The validation dataset images and the P(PCTcorrect) values calculated by the fine-tuned GoogLeNet CNN. CNN, convolutional neural network; PCT, pentagon copying test; P(PCTcorrect), CNN-calculated probability of the PCT image being categorized as correct.

Figure 2 shows the ROC curve in the validation dataset for prediction of the PCT images being categorized as correct based on P(PCTcorrect) values calculated by the fine-tuned GoogLeNet CNN. The area under the receiver operating characteristic curve (AUROC) was 0.931 (95% confidence interval 0.853–1.000).

Figure 2
figure 2

ROC curve in the validation dataset for prediction of the PCT images being categorized as correct based on P(PCTcorrect) values calculated by the fine-tuned GoogLeNet CNN. aThe cut-off probability (specificity, sensitivity) is shown at the point closest to the top left-hand corner. CNN, convolutional neural network; PCT, pentagon copying test; P(PCTcorrect), CNN-calculated probability of the PCT image being categorized as correct; ROC, receiver operating characteristic.

Discussion

In this study, we fine-tuned pre-trained CNNs using the larger number of patient's PCT images than the previous study and the clinical psychologist's scoring results as training data. Furthermore, we also collected time-separated validation data to evaluate the accuracy of the CNNs. The P(PCTcorrect) value calculated by the fine-tuned GoogLeNet CNN was in strong agreement with the scoring results by clinical psychologists. Although the tested data sets are different and cannot be simply compared, the AUROC of the P(PCTcorrect) of the fine-tuned GoogLeNet CNN, 0.931, had outperformed the AUROC of the CNN using supervised transfer learning reported by Li et al.6, 0.72, and was the highest among the automatic scoring of PCTs using fine-tuning strategy.
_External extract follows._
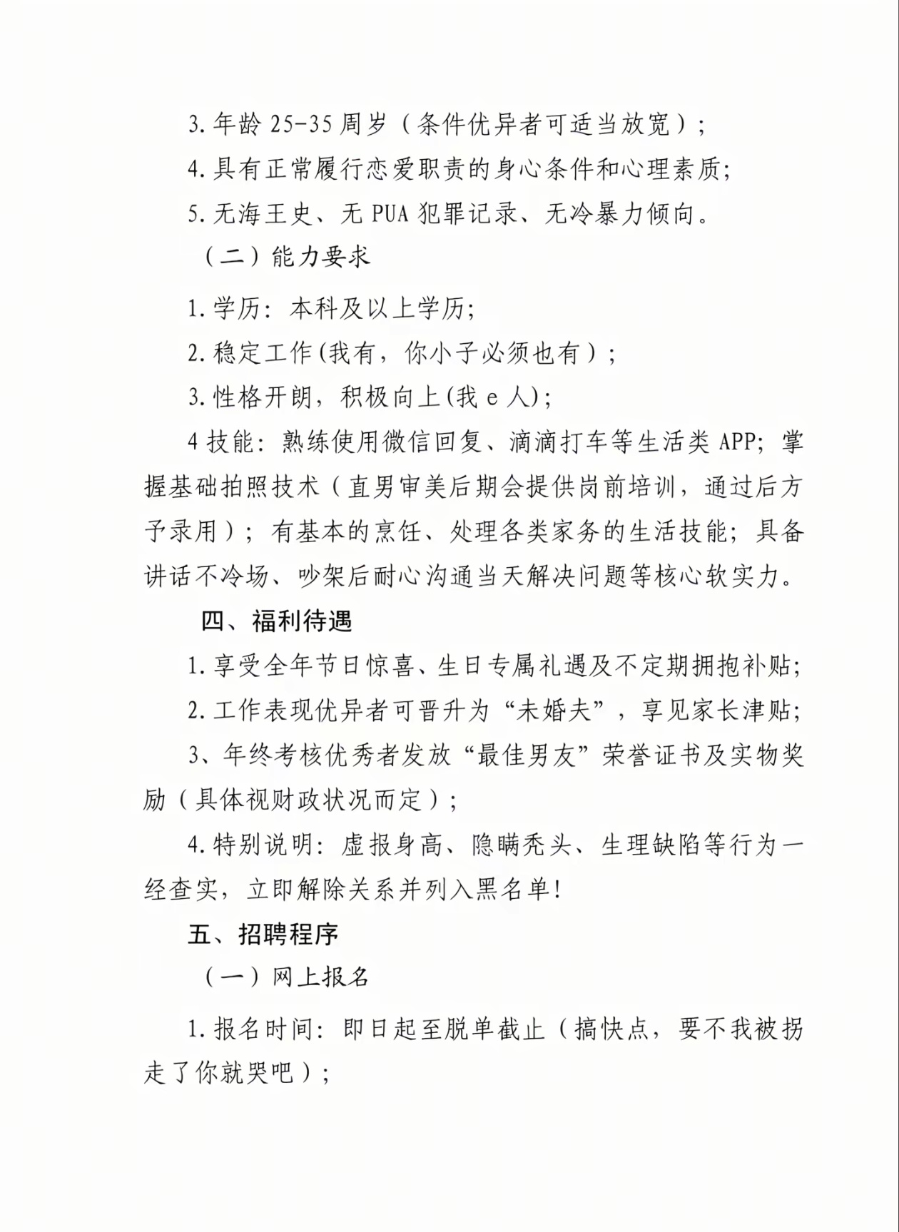 公开招聘男朋友的公告,太有才了!拟同意。情况属实,按照要求办理手续!快过年了,该

Our findings indicate that our fine-tuned GoogLeNet CNN may be useful for automatically evaluating PCT images. The P(PCTcorrect) value agrees with PCT correct with high accuracy, which may be useful for scoring PCT images. The P(PCTcorrect) is useful as a reference to evaluate the constructional apraxia. The results of this study suggest using AI to assess constructional apraxia.
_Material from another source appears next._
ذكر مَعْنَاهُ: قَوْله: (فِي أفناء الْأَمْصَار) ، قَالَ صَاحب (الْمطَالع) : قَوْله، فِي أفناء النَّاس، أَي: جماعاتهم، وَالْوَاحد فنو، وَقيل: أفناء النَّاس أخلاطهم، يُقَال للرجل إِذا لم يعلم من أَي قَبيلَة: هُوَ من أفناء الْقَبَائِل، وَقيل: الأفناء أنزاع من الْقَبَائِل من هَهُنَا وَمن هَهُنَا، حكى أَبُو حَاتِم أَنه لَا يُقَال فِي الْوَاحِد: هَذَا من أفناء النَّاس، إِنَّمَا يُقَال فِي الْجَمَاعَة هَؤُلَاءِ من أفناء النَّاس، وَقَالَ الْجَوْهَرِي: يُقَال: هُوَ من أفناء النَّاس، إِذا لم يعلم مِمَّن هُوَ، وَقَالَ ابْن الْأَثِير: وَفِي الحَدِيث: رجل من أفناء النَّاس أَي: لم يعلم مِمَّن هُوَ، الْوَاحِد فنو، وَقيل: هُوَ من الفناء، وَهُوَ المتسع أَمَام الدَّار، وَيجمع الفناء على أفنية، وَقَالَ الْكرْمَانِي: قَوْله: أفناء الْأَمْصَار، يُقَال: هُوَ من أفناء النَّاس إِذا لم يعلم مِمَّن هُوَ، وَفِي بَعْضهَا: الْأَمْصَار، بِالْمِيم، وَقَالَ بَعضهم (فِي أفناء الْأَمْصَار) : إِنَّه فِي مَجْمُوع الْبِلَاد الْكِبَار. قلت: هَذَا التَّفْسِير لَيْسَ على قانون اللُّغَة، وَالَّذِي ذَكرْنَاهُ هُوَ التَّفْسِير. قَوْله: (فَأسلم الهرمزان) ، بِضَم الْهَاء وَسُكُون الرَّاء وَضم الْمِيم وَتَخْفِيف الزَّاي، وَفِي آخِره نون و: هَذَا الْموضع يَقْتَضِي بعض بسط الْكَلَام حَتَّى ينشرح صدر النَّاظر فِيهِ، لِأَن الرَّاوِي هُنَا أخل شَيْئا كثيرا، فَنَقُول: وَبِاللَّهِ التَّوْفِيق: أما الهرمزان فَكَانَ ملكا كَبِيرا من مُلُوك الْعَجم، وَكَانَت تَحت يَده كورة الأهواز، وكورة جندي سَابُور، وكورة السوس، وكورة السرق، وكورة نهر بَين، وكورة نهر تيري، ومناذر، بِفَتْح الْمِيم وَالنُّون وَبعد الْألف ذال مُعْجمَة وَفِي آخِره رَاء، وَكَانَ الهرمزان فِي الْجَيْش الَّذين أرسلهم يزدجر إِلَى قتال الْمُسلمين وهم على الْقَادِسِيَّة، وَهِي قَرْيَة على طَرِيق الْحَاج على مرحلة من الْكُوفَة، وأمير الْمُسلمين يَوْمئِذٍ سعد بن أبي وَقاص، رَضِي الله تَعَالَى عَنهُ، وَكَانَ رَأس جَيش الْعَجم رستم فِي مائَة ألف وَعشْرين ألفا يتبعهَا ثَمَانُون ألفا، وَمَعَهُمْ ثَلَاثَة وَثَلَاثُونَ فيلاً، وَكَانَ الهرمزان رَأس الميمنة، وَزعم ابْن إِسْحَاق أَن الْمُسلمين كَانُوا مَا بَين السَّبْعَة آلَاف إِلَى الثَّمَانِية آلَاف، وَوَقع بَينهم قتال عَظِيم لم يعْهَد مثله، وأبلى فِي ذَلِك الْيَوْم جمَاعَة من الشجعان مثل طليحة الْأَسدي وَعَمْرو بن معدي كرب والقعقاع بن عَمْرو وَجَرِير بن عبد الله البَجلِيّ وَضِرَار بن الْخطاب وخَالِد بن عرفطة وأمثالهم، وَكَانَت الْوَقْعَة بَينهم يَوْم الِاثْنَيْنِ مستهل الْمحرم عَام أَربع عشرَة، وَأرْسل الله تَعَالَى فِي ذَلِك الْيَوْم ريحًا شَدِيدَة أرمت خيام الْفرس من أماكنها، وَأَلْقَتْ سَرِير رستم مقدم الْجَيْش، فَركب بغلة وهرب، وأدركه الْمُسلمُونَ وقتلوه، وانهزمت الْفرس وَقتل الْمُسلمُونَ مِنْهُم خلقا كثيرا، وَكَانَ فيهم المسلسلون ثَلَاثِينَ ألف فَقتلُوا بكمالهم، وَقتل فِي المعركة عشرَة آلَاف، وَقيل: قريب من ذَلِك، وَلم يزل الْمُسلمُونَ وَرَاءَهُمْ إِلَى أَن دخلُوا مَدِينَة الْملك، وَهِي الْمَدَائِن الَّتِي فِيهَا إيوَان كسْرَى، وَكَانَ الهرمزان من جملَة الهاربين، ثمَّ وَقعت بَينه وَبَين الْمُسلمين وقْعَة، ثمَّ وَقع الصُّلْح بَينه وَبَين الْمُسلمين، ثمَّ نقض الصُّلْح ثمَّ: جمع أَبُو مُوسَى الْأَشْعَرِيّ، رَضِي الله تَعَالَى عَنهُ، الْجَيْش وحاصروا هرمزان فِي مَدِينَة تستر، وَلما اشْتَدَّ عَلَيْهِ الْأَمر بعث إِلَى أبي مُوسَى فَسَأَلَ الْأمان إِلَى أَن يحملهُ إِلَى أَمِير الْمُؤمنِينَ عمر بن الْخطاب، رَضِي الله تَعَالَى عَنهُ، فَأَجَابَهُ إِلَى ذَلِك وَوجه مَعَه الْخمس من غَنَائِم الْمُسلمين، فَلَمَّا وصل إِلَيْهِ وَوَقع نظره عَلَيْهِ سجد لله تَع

Fine-tuned CNN may also be useful in the assessment of figure copying tests other than the PCT. In this study, we were able to fine-tune a pre-trained CNN for PCT scoring without any special adjustments just by preparing the teacher data. Contrarily, in the study that evaluated PCTs using object or feature detection, it was necessary to set up a system to detect the features of PCTs that would be scored as correct answers5,6. The usefulness of fine-tuned CNN to evaluate the clock drawing test and the Rey-Osterrieth complex figure copying test has also been reported16,17.

Of the multiple CNNs compared, the fine-tuned GoogLeNet CNN achieved the highest AUROC. The GoogLeNet CNN had relatively low ImageNet validation accuracy among the CNNs compared18. This may be due to the fact that PCT images are very different from the natural images (dogs, boats, etc.) targeted by ImageNet.

Further, our CNN resulted in incorrect scoring for some images. The cause of the mistakes was unknown because the features captured by CNN to make its decisions were unknown. This is a common problem in AI implemented by deep learning19.

This study has several limitations. First, the validation participants did not include any patients with finger tremors. As per Folstein’s guidelines for the MMSE, tremors should be ignored when scoring various test results, but it is often difficult to evaluate PCT images for patients with finger tremors. Building on the findings of this study, future studies should examine the robustness of our CNN when evaluating PCT images from patients with finger tremors.

This study also has certain strengths. In the present study, a fine-tuned CNN based on pre-trained GoogLeNet CNN automatically scored the PCT images; the results were in high agreement with the results obtained by clinical psychologists using Folstein’s MMSE criteria (AUROC, 0.931). The automatic scoring of PCTs using the CNN presented here does not require any input using mobile devices and removing artifacts. Therefore, there are fewer restrictions for conducting the test. An automatic PCT scoring using CNNs may reduce the burden and assessment bias of raters in dementia screening.